| Your instructions |
Lines below containing the word "ready" should be copied out.
### Supplied material ###
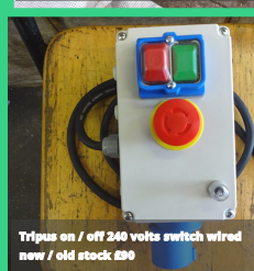
Tripus on / off 240 volts switch wired new / old stock £90
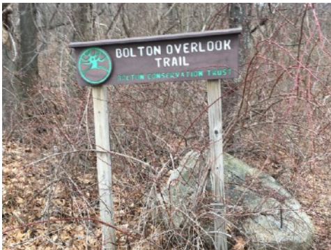
2 Wattaquaddock Hill Rd. Trailhead

Exploration: Bolton Town Center: library, historical society, coffee shop, churches, town hall.
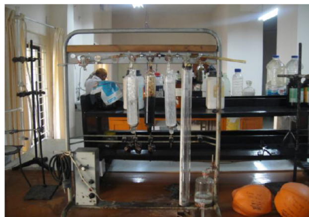
Figure 4: Orsat gas analyser is ready to analyse CH 4 and CO 2 .

the known amounts of CO 2 , H 2 S and CO from the gas sample. The Orsat equipment used to determine biogas compositions are shown in Figure 4. The measurements were used to determine the ratio of methane to carbon dioxide.
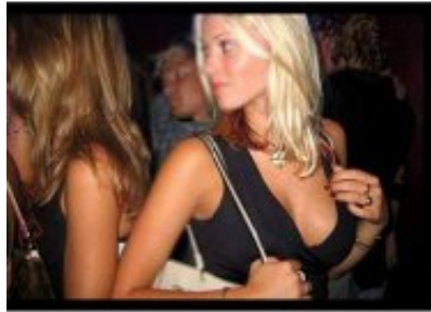
"The Rules" for Men!
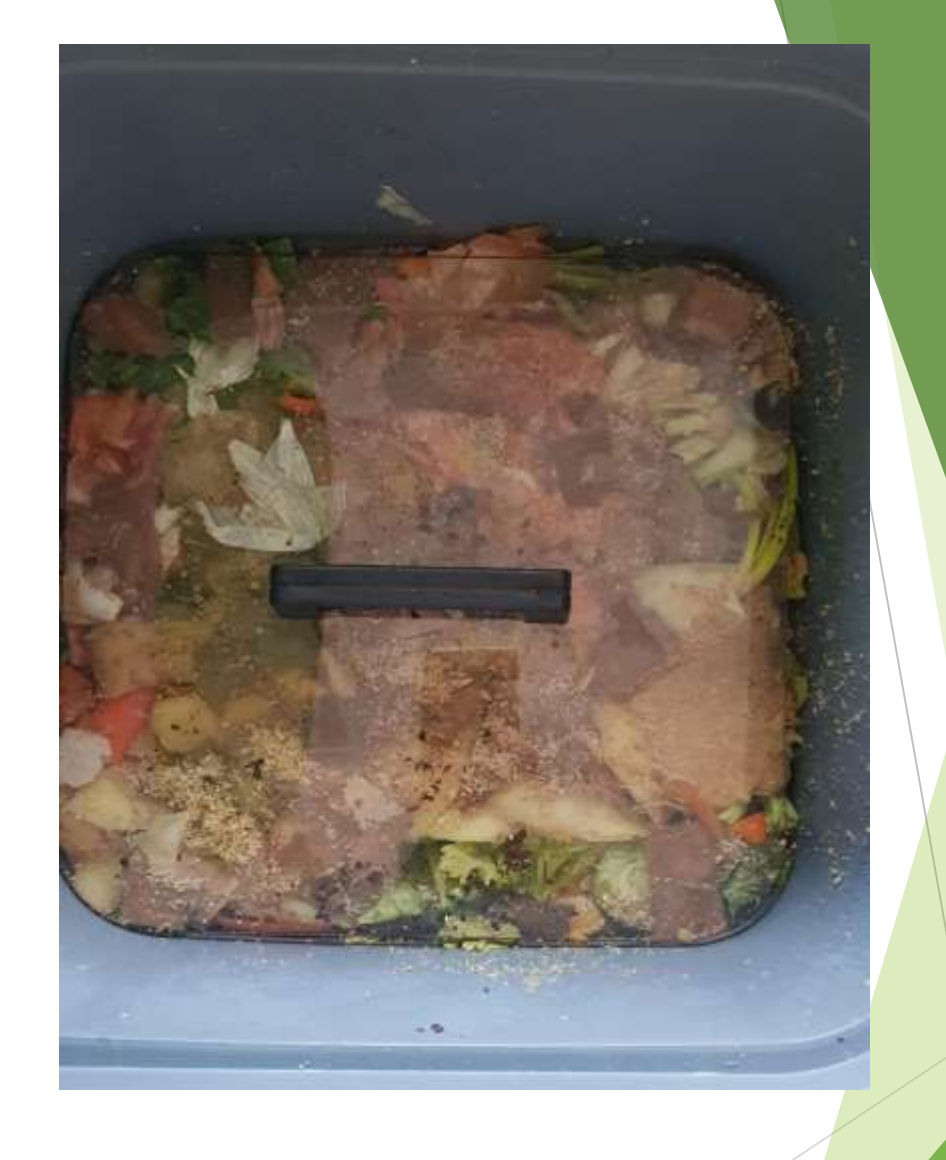
two weeks later
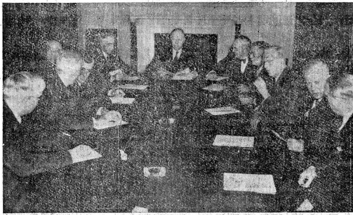
Senator Robert A. Taft (center of table) confers with top GOP Congressional leaders on ways and means to blame Democrats for high prices, while Truman and Democrats hold similar sessions to figure how to blame Republicans. Neither party of ers an effective program, both are using the issue as a political football.
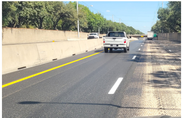
Left lane resurfaced
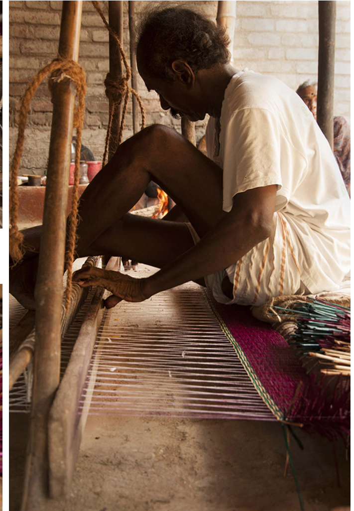
Artisan weaving the Kora grass mat.
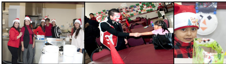
For more: www.flickr.com/AvanceAustin
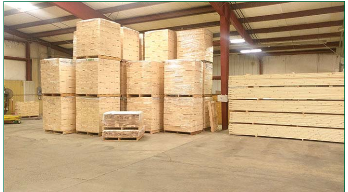
Finished product wrapped and ready!

Orchard Wood Products supports the Baker County community by investing in youth programs and promoting many community projects and organizations throughout the local area. Orchard Wood Products actively supports and sponsors Baker County’s 4-H, Little League, YMCA, and High School sports, and Boy Scouts of America. It has also donated custom mouldings, floorings and casings to many Historic Baker City building restoration projects.
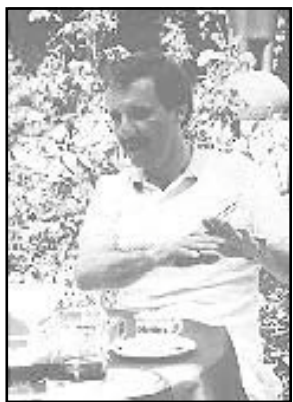
Edward Lee Howard

Edward Lee Howard, former CIA officer, was reportedly forced to resign in June 1983 after failing a
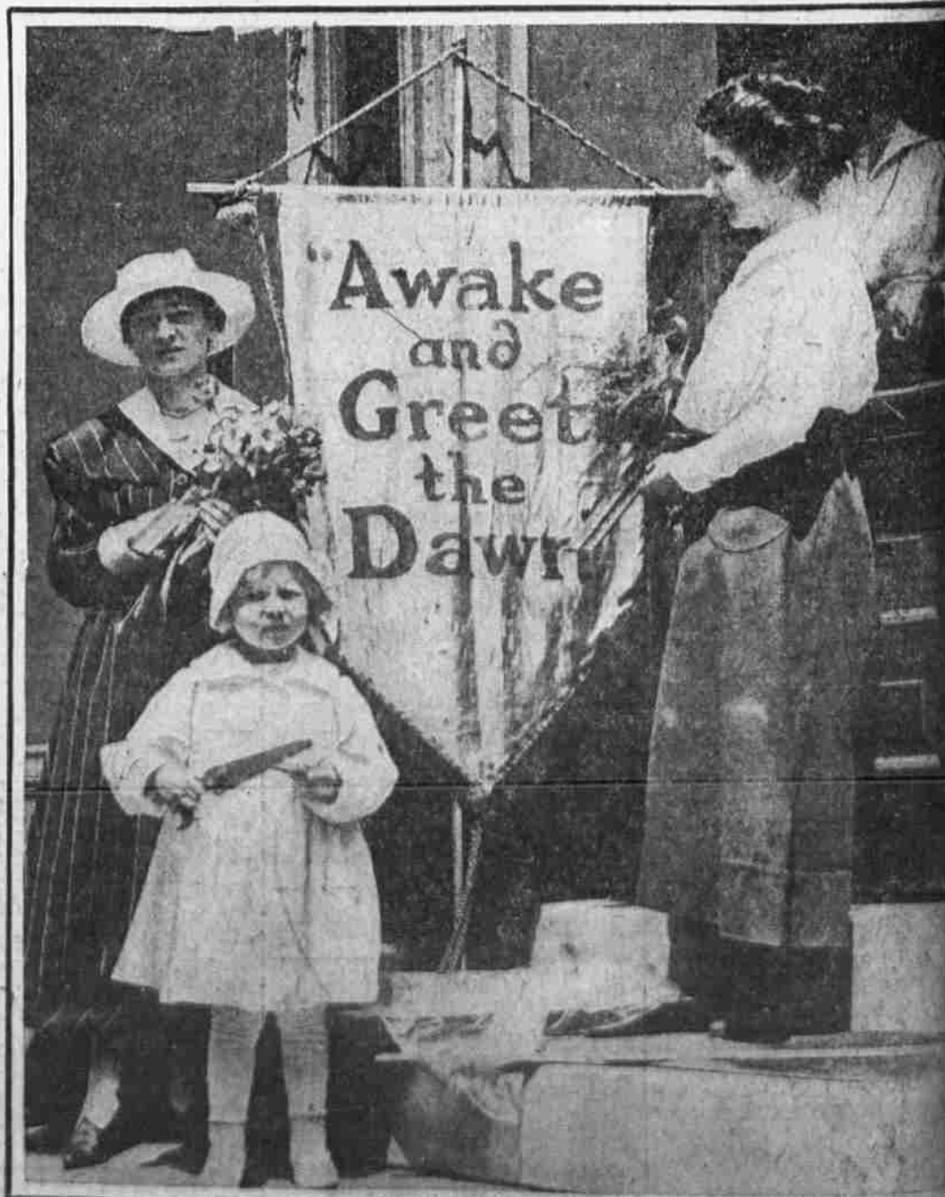
SUFFRAGISTS SEND MAY DAY BOUQUETS TO POSSIBLE FRIENDS Delegates to the National conventions which meet this summer got neat little bouquets yesterday, to which were attached miniature suffrage "planks." This banner went along in the automobiles.
###
| Task answer |
Figure 4: Orsat gas analyser is ready to analyse CH 4 and CO 2 .
Finished product wrapped and ready!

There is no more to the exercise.